TA Mitchell (tmitchell@heidrick.com) is a principal in Heidrick & Struggles' London office and a member of Heidrick Consulting.

Sharon Sands (ssands@heidrick.com) is the leader of Leadership Development, Assessment, and Coaching for Heidrick Consulting and a member of the CEO & Board Practice; she is based in the London office.


The authors wish to thank Jenni Hibbert and Ryan Pastrovich for their contributions to this article.


1  Colleagues also consistently note three behaviors that hold leaders back now and undermine their potential: not taking ownership for shaping the work environment, having difficulty flexing between detail and the big picture, and being disorganized.
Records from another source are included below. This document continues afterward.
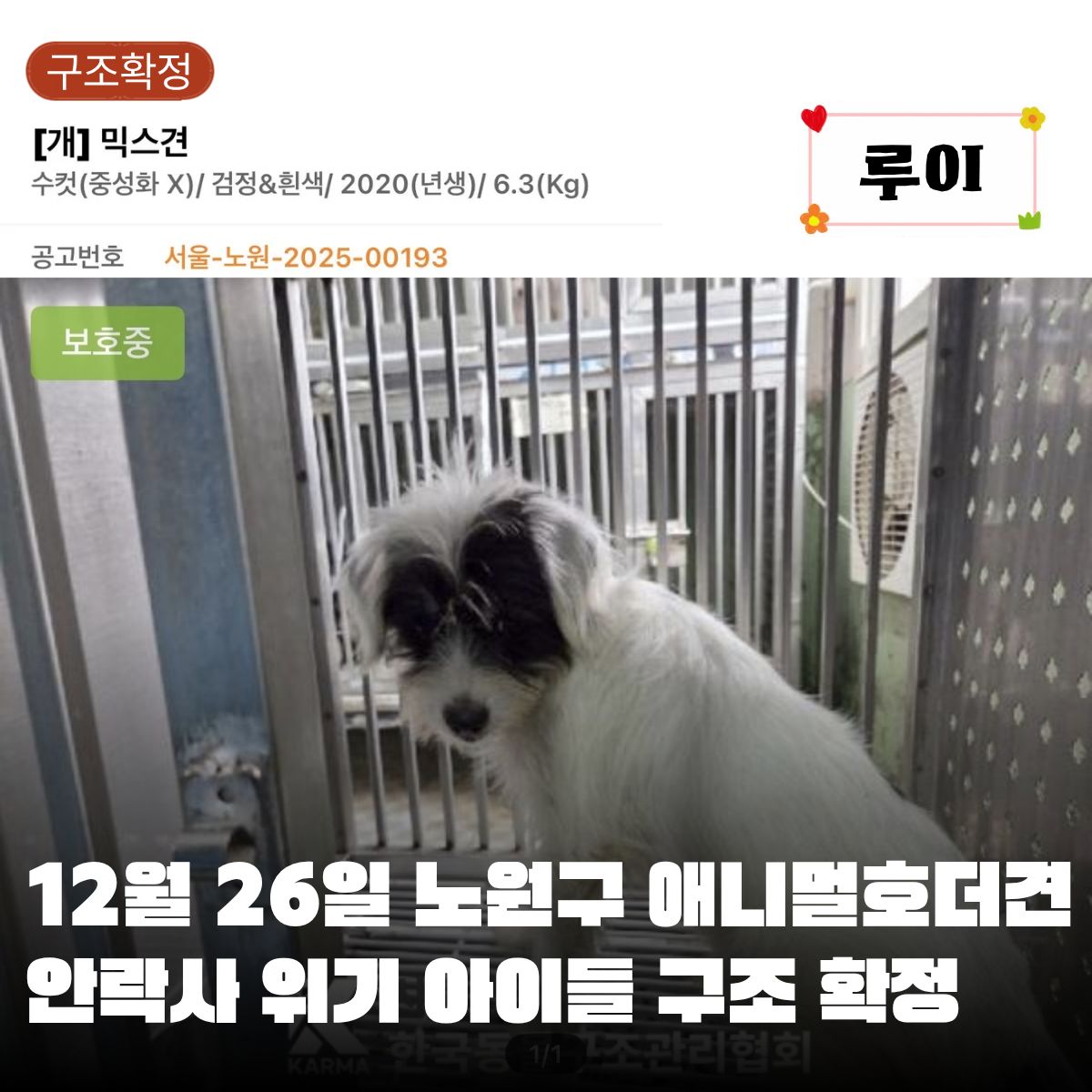 오늘은 이 3명의 아이들에 대해 시민들에게 알리고자 합니다. 3명은 애니멀호더견 208마리에 함께 생활하던 아이들이었습니다. 11월 13일 1차 구조때 구조된 아이들입니다. 서울시와 노원구에서 진행한 중성화 수술 후 2주 가정임보제 진행으로 가정 임보를 갔다가 입질과 심장사상충이 있다는 이유로 되돌아오게 되었습니다. 하지만 되돌아간 곳은 서울시와 노원구 센터가 아닌 동물구조관리협회였습니다.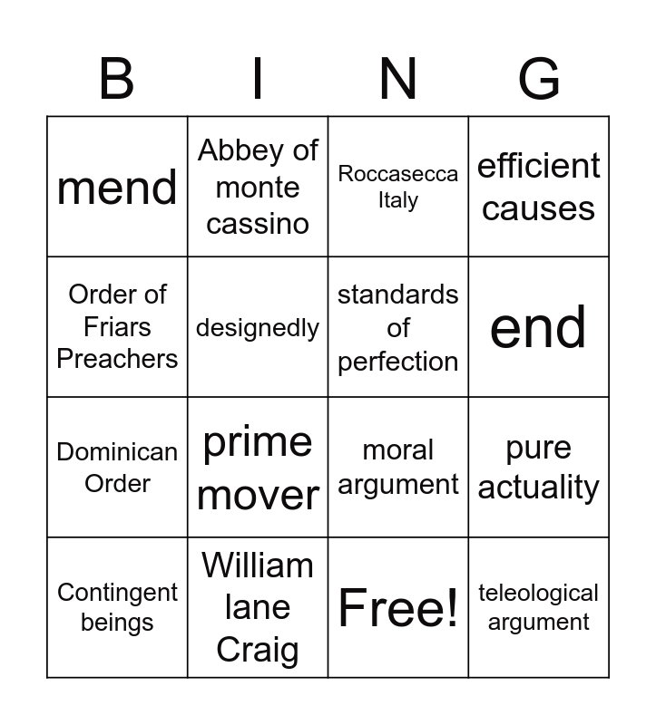 This bingo card has 17 words: Free!, Contingent beings, Roccasecca Italy, mend, prime mover, efficient causes, pure actuality, standards of perfection, end, designedly, William lane Craig, moral argument, Order of Friars Preachers, Abbey of monte cassino, Dominican Order, commit and teleological argument.
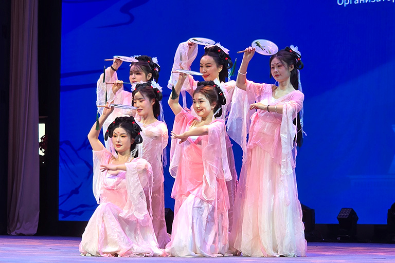 На открытии можно было увидеть выступления творческих коллективов университетов Астаны, Алматы, Урумчи. Казахские распевные песни и танцы с джигитовкой в исполнении астанинских студентов чередовались с китайскими номерами, такими как шоу масок или чайная церемония, в которой длина носика чайника превышала один метр, эту эквилибристику представила преподавательница из Кульджи Лю Рон.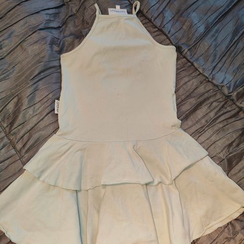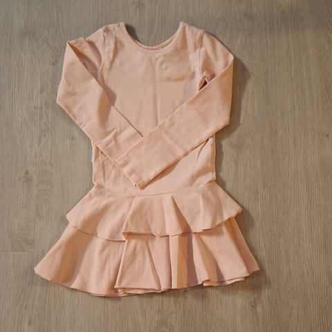 Gugguu frillamekko muutamia kertoja pidetty yhdellä. Jotain hailua jälkeä edessä, ei juuri näy. Koko vastaa enemmän 122.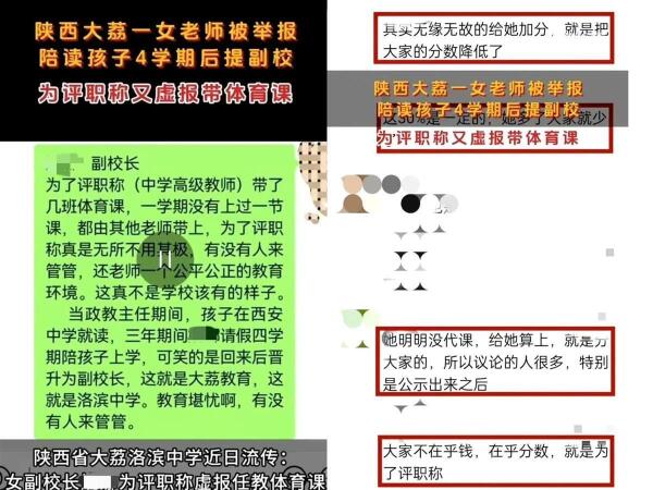 此前,自称是洛滨中学教职工的一名知情人士称,校内确实有教职工曾对姚某“请假陪读回归岗位后升任副校长”一事存疑,最近更多的则是对姚某参评职称条件的质疑。该教职工表示,姚某以前代政治课,被安排给九年级学生代体育课后,有师生反映姚某这学期没有上过体育课或是由他人代上,教学实绩有问题,存在虚报代课的情况。姚某此次参评的职称是高级教师,若存在弄虚作假,对一线教职工不公平,希望相关部门调查核实此事。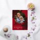 Contemporary classic Christmas holiday season greeting card with green coloured pine tree needles wreath leaves pattern on a classy dark red background, with real gold foil JOY wish text. With option and room to customise the text, family name and year date, and add a personal photo of your choice on the front, and a customisable season greeting message on the backside of the card.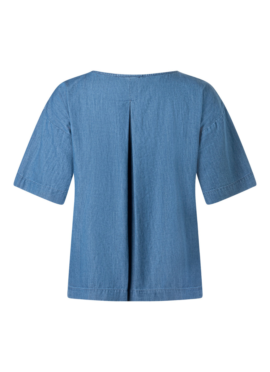 Diese stilvolle Kurzarmbluse aus dem Hause Maerz Muenchen vereint zeitloses Design mit einer entspannten Passform. Gefertigt aus einem hochwertigen Lyocell-Gewebe, besticht das Oberteil durch eine besonders weiche Haptik und einen fließenden Fall, der für ein angenehmes Tragegefühl an warmen Tagen sorgt. Die charakteristische Weboptik verleiht dem Kleidungsstück eine dezente Struktur und erinnert an klassische Denim-Styles, ohne dabei an Leichtigkeit einzubüßen.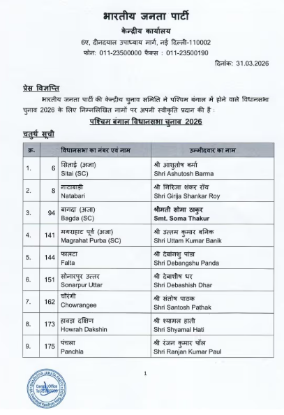 👉 भाजपा ने चौथी उम्मीदवार सूची जारी की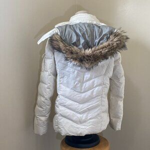 White "Eddie Bauer" Down jacket, removable hood with faux fur trim
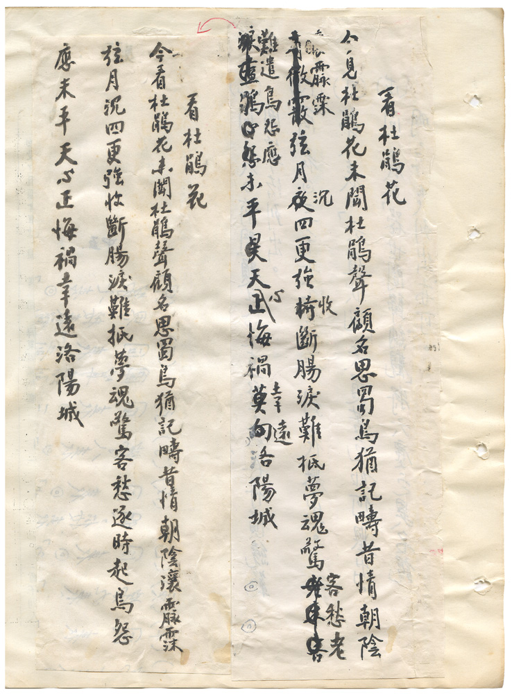 | 描述-摘要 | 今看杜鵑花。未聞杜鵑聲。顧名思蜀鳥。猶記疇昔情。朝陰瀼霡霂。弦月沉(夜)四更。強收(持)斷腸淚。難抵夢魂驚。客愁逐時起(老難遣)。鳥怨應未平。天心正悔禍。幸遠(莫向)洛陽城。今看杜鵑花。未聞杜鵑聲。顧名思蜀鳥。猶記疇昔情。朝陰瀼霡霂。弦月沉四更。強收斷腸淚。難抵夢魂驚。客愁逐時起。鳥怨應未平。天心正悔禍。幸遠洛陽城。 |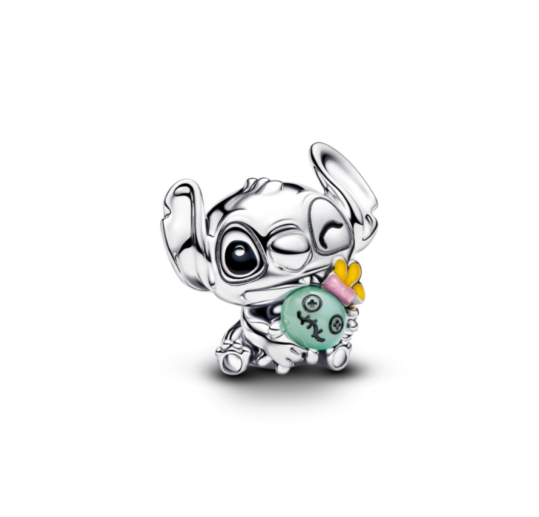 PANDORA 794554C01 Charm de plata de ley de Stitch de Disney con cristal de Murano verde y esmalte negro, rosa y amarillo
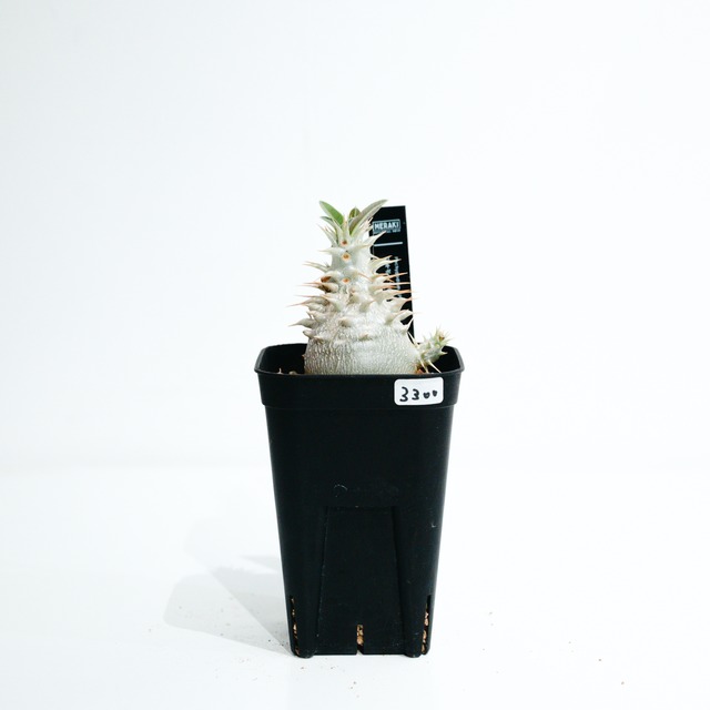 店主実生のパキポディウム。 管理タグ紛失により品種がわからなくなってしまったため、SPとしております。 種子の情報が正しければ、エブレネウムかエニグマのいずれかとなります。 最後の写真はサイズ比較用にプレステラ90と一緒に撮影しております。サイズのご参考にしてください。 ■育て方のポイント ・日光: 明るい日差しを好みますが、真夏の強い直射日光は避けましょう。 ・水やり: 成長期(春〜夏)は土が完全に乾いてからたっぷりと水を与えます。休眠期(秋〜冬)は水を控えめにし、塊根が腐らないよう注意してください。 ・温度: 寒さに弱いため、冬は10℃以上を保つのが理想的です。温暖な室内での管理をおすすめします。 ■状態 2.5号スリット(外径 7.5cmx底径 5.5cmx高さ 6.7cm)植え込み ■その他:MERAKI実生株 ■免責 ・リサイクル段ボールで発送させていただく場合がございます。 ・原則、ご注文と異なる商品が届いた場合(当方の送付商品誤り)を除き、返品には応じません。

2  For example, in 2020, the gap in CEO succession rates in the S&P 500 was 2.2 percent (12.7 percent of poorly performing companies minus 10.5 percent of better performers), down from 8.9 percent in 2019. But while the gap between succession rates at higher and lower performing companies is narrowing, succession due to poor ethical performance is increasing: of the 18 unplanned CEO successions announced in the Russell 3000 in 2020, 38.9 percent were due to situations of personal misconduct—whether sexual harassment or abuse of power or other types of violation of the company’s code of conduct. For more, see Francine McKenna, Jason D. Schloetzer, and Matteo Tonello, CEO Succession Practices in the Russell 3000 and S&P 500: 2021 Edition, The Conference Board, June 22, 2021.